[Start of section]
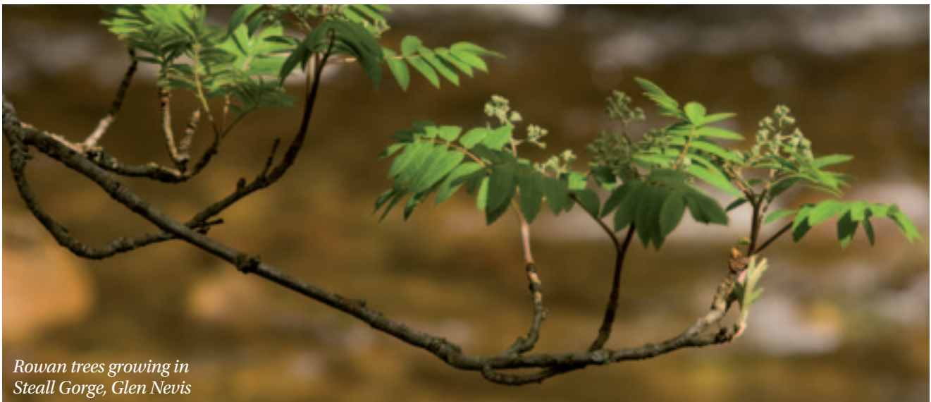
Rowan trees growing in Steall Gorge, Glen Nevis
[End of section]
[Start of section]
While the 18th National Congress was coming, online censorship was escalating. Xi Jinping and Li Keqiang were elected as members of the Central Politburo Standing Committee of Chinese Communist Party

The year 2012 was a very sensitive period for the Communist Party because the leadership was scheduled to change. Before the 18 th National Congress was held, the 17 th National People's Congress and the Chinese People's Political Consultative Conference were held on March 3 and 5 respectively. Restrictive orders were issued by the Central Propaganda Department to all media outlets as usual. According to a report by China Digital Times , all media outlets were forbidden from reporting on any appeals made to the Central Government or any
[End of section]
About this task » Retype exactly the span of lines from the one with "While the 18th" through the one with "The year 2012"; include both ends and omit the rest of the material.

Response box »
While the 18th National Congress was coming, online censorship was escalating. Xi Jinping and Li Keqiang were elected as members of the Central Politburo Standing Committee of Chinese Communist Party

The year 2012 was a very sensitive period for the Communist Party because the leadership was scheduled to change. Before the 18 th National Congress was held, the 17 th National People's Congress and the Chinese People's Political Consultative Conference were held on March 3 and 5 respectively. Restrictive orders were issued by the Central Propaganda Department to all media outlets as usual. According to a report by China Digital Times , all media outlets were forbidden from reporting on any appeals made to the Central Government or any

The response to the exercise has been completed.